### Task item
Please restate each line of the data below exactly. Omit all images.

### The data
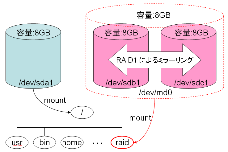 /dev/sdb /dev/sdb1 /dev/sdc /dev/sdc1/dev/sd{b,c} で RAID1 を構築し、仮想デバイス(?) /dev/md0 を作成する。
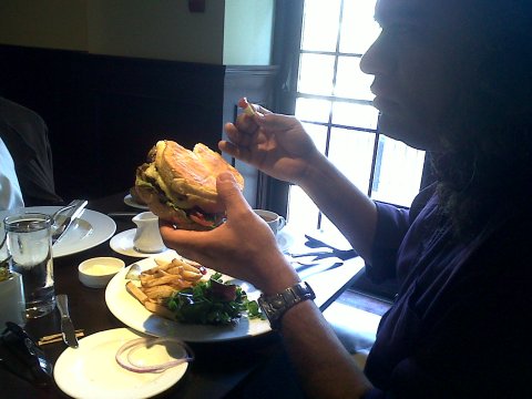Then, low and behold, my friend Michael Awad, photographer extra-ordinaire, suggested we go our for lunch at the crudacafe in St. Lawrence Market. Now, before I tell you about crudacafe you have to know that Mike is not a vegan. That’s him eating a really greasy, very large, totally unhealthy hamburger. But he suggested it and I wasn’t going to argue. I was amazed to find a totally cool woman, Claudia, serving up Butternut Squash Miso Soup, Wild Mushroom Nut Burgers, Enchiladas with flourless organic corn wraps, guacamole, spinach and marinated organic mushrooms, etc. It was fantastic! And in the basement of St. Lawrence Market no less, just a floor below the racks of curing hams, Italian Salamis, and ostrich steaks.
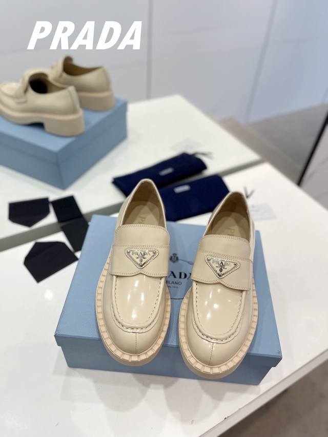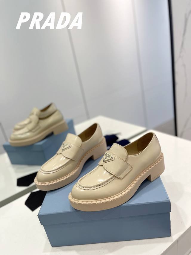工厂p价 顶级版本普拉达 英伦复古设计,经典耐看!原版倒模楦型,极致1:1形体,进口高端面料呈现出精致质感! 鞋面采用原版进口开边珠牛皮 内里垫脚均采用进口水染

### Response
 /dev/sdb /dev/sdb1 /dev/sdc /dev/sdc1/dev/sd{b,c} で RAID1 を構築し、仮想デバイス(?) /dev/md0 を作成する。
Then, low and behold, my friend Michael Awad, photographer extra-ordinaire, suggested we go our for lunch at the crudacafe in St. Lawrence Market. Now, before I tell you about crudacafe you have to know that Mike is not a vegan. That’s him eating a really greasy, very large, totally unhealthy hamburger. But he suggested it and I wasn’t going to argue. I was amazed to find a totally cool woman, Claudia, serving up Butternut Squash Miso Soup, Wild Mushroom Nut Burgers, Enchiladas with flourless organic corn wraps, guacamole, spinach and marinated organic mushrooms, etc. It was fantastic! And in the basement of St. Lawrence Market no less, just a floor below the racks of curing hams, Italian Salamis, and ostrich steaks.
工厂p价 顶级版本普拉达 英伦复古设计,经典耐看!原版倒模楦型,极致1:1形体,进口高端面料呈现出精致质感! 鞋面采用原版进口开边珠牛皮 内里垫脚均采用进口水染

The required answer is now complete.